Нина договорилась с местным фотографом, чтобы сделать снимок Александра Степановича. Чтобы ничего плохого не заподозрил, она решила сказать ему, что по поручению Союза писателей фотографируют всех крымских писателей.

«20.VI. <...> 4 ч. дня. В два взял морфий. Спит, выражение лица усталое и измученное. Губы сложены, как у обиженного мальчика, всегда одно из самых трогательных и нежных выражений. <...>

21.VI. <...> Вчера остро захотел к морю, вспомнил запах его, плеск волны. <...> Немного погодя: "Тяжко тебе, я ведь вижу, как все мои слова и движенья играют на твоей душе".

— А зачем ты-то обо мне заботишься. Ты больной — я о тебе должна.

— Вот и трудно нам с тобой, что наша любовь всё усложняет дело ухода и дело выздоровления. Мы очень любим друг друга, а потому всё время в состоянии душевного напряжения помощи друг другу.

Вспоминали жизнь в Отузах, как рокотало камушками море, какие мы были жадные к жизни. <...> Потом разговор перешел на Питер, сначала на Тихонова.
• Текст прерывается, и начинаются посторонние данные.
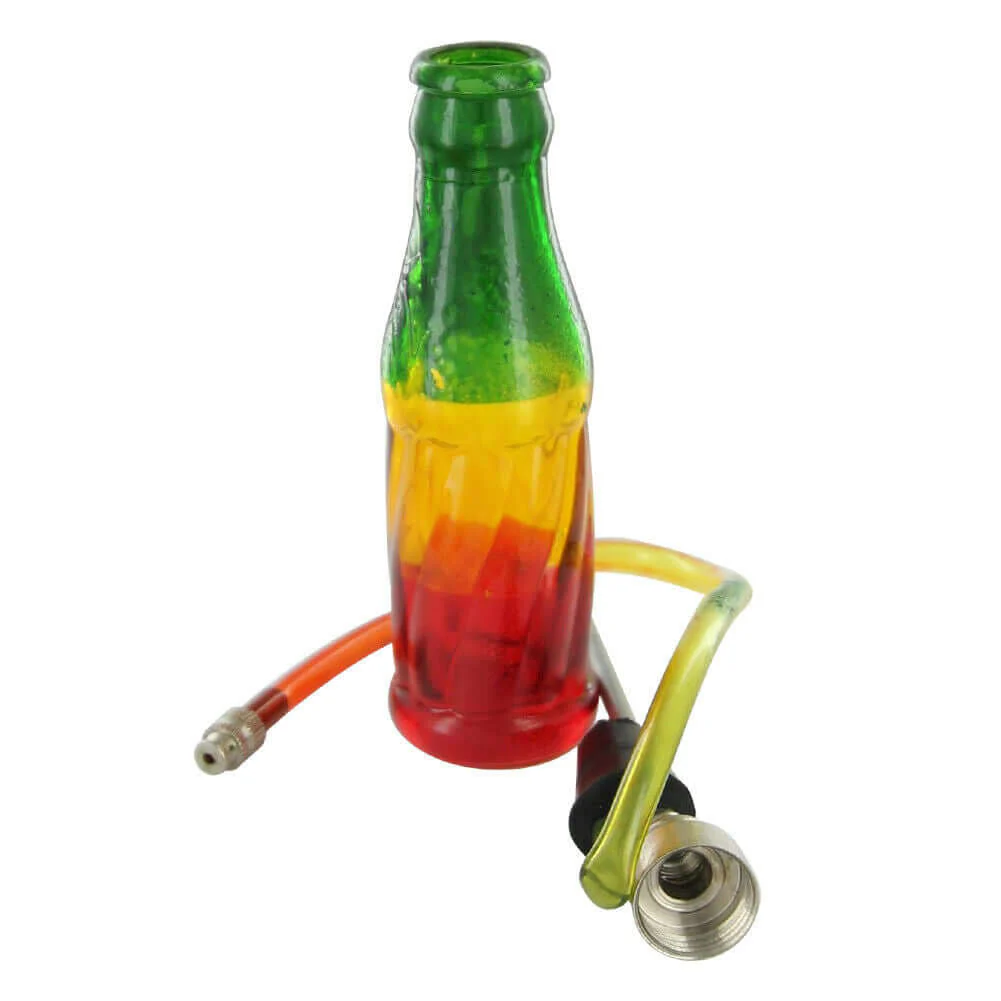 The design is in the shape of a classic soda bottle with three colors of red, yellow, and green. Made in Rasta national colors it stands 5.75 inches tall with a metal mouthpiece attached to the hose.

Удивилась я — почему Тихонов хорошо к Саше относится.

— Группа Тихонов, Слонимский и несколько других ценят и любят меня как писателя. <...> Жену Тихонова знаю еще до замужества. Она несколько раз заходила ко мне. Из восторженных. <...>

Говорил о Тарченко и его попытках.5

— Почему меня круче не попробовали?

— Потому что, посмотрев, увидели, что ты одинок, за тобой никого. (Что-то густо зачеркнуто. — Ю.П.). — Пожалуй, это самое верное.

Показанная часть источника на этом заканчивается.